The Chassidic attitude to secular governments and their educational institutions is also greatly coloured by mystical teachings within Judaism which promote the idea that non-Jewish souls are inferior and less pure. While more universalist thinkers such as Rambam and Rabbi S. R. Hirsch follow the teaching of Rabbi Akiva in Avot (3:14) that “Beloved is humanity, for it was created in God's image”, Chassidic thinkers have consistently sought to emphasise the gulf between Jewish and non-Jewish souls (as I have examined here). This confidence in their superiority over outsiders adds to their instinctive reaction that “non-Jewish” rules aimed at ensuring that their institutions provide a proper education are to be opposed and fought. Devoid of such an education and lacking trust in the motives of outside authorities, such communities are less likely to tolerate other laws which are intended for their benefit such as health restrictions during a pandemic or safety regulations for mass Lag Be’omer celebrations.
Where does this leave us in terms of our Judaism today? It is not only Chassidic communities who pay lip service to the rebukes of Isaiah while continuing to practice a Judaism that prioritises ritual observance over basic honesty and righteousness. We all read the Haftarah just over a month ago from the first chapter of Isaiah which taught:
“You shall no longer bring vain meal-offerings, it is smoke of abomination to Me; New Moons and Sabbaths, calling convocations, I cannot [bear] iniquity with assembly. Your New Moons and your appointed seasons My soul hates, they are a burden to Me…Wash, cleanse yourselves, remove the evil of your deeds from before My eyes, cease to do evil. Learn to do good, seek justice, strengthen the robbed, perform justice for the orphan, plead the case of the widow.”
In a few weeks we will read similar verses in the Yom Kippur Haftarah which relate God’s disinterest in ritual fasting by those who are dishonest and oppress the poor.

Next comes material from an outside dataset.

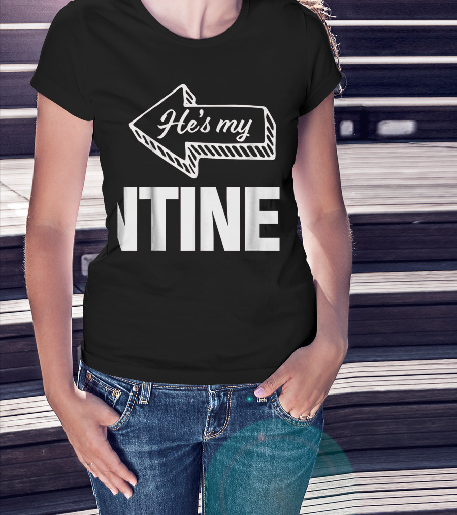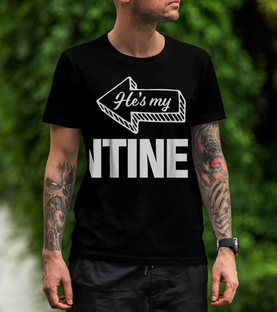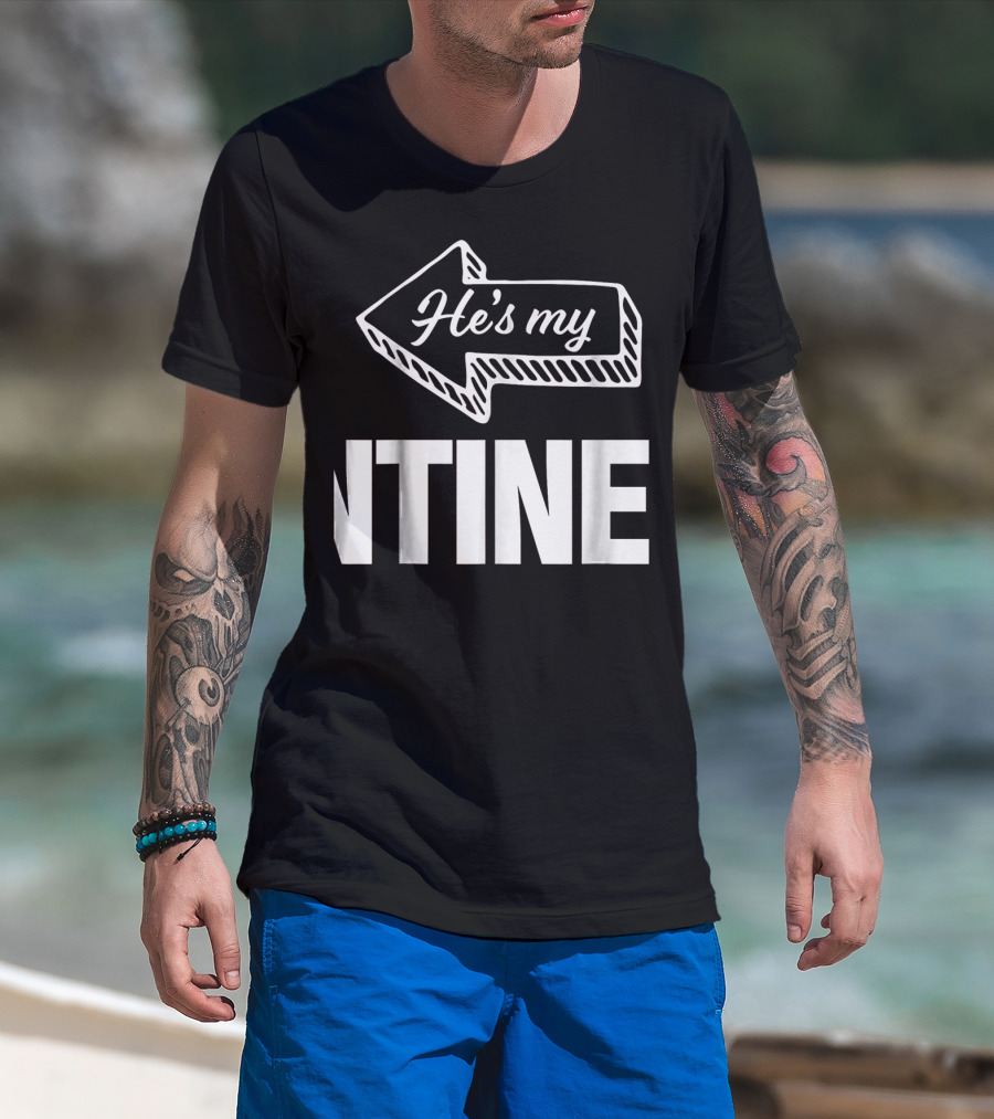 He's My Valentine Left Arrow Mens Matching Valentine T-Shirt
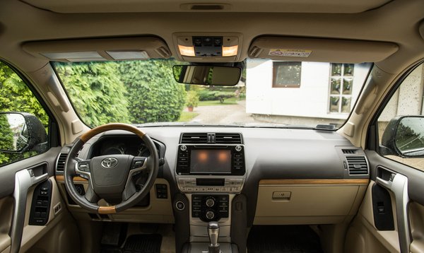 A komplett előző bekezdés arra az időszakra vonatkozik, amikor még csak képeken nézegettem az új Land Cruiser belsejét. Úgy csak vicces, élőben viszont gyomorszorító a döbbenet. Neutronbombát dobtak egy banánköztársaságra 2001 táján, most merészkedett vissza a Toyota-szalon tulajdonosa, és hívott egy autós bloggert? A kormányon a fabetét olyan, hogy nem is tudom, képzeletben mit játsszak be mögé a filmbe, műröhögést vagy siratóasszonyokat. Ilyen műfa?! Már a képeken is súlyosnak tűnt, de az éles találkozás varázsát semmi nem adhatja vissza. Nem karcolja meg a gyűrű, mint a Porschéét, de nem akarom túlgondolni, mert emögött szerintem nincsenek nagy tervek.

But how much do we as a wider community really take its message to heart?
This time of year is not about highlighting and bemoaning the sins and misplaced priorities of others. It is time for our religious communities as a whole to start asking ourselves difficult questions. Why is it that we are so willing to tolerate those who abuse and cheat, steal and mislead? Those who don religious garb and perform ritual observances are routinely labeled “frum thiefs” – and even encouraged and lauded for continuing such observance while in prison for fraud. When our children contrast this with how our communities reject Jews whose levels of kashrut or Shabbat observance fall below our standards – or those do not dress in accordance with communal norms – they are entitled to ask: to what extent are any of us internalising the teachings and the Judaism of our prophets?